Instructions for the task:
When you reach the line that contains "Die Mütze geht", begin copying exactly and continue through the last line below. Do not copy pictures.

The data:
____
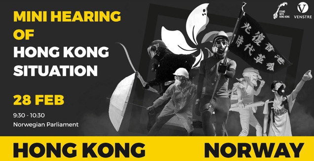 Den 28. februar arrangerte Venstre ved stortingsrepresentant Guri Melby en mini-høring i Stortinget om situasjonen i Hongkong. Høringen ble sanntidsstrømmet, og opptaket er fortsatt tilgjengelig (hopp til 06:15 for å gå til starten på møtet). Flere norske politikere deltok, så vel politiske rådgivere som Stortingsrepresentanter. Medarrangør Hongkongkomitéen i Norge var selvfølgelig til stede sammen med mange andre frivillige organisasjoner, som Den norske Tibetkomité, Den Norske Uighurkomitéen, Amnesty Norge, og Den Nordiske Menneskerettighetskomitéen.
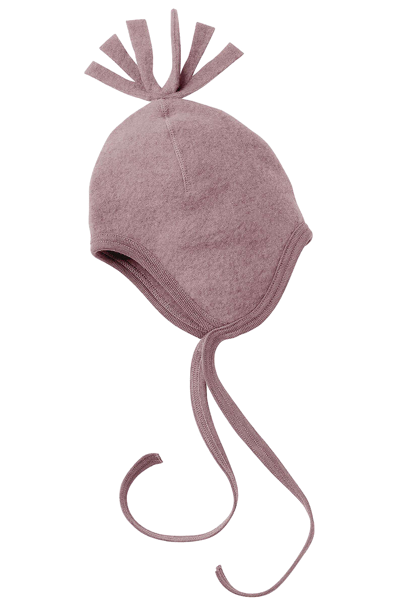 Die Mütze geht schön über die Ohren und kann dank der weichen Bindebändchen nicht verrutschen. Ein niedliches Detail sind die Bommelfransen aus Schurwolle am Oberkopf.
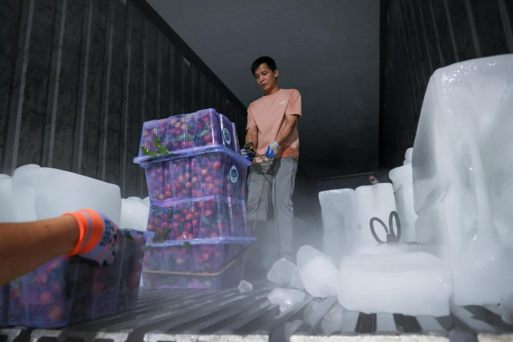 ↑6月4日,在廣東茂名高州市廣東銘景農業(yè)發(fā)展有限公司,工人將荔枝裝入放置了冰塊的冷鏈車。
____
Problem solution:
 Die Mütze geht schön über die Ohren und kann dank der weichen Bindebändchen nicht verrutschen. Ein niedliches Detail sind die Bommelfransen aus Schurwolle am Oberkopf.
 ↑6月4日,在廣東茂名高州市廣東銘景農業(yè)發(fā)展有限公司,工人將荔枝裝入放置了冰塊的冷鏈車。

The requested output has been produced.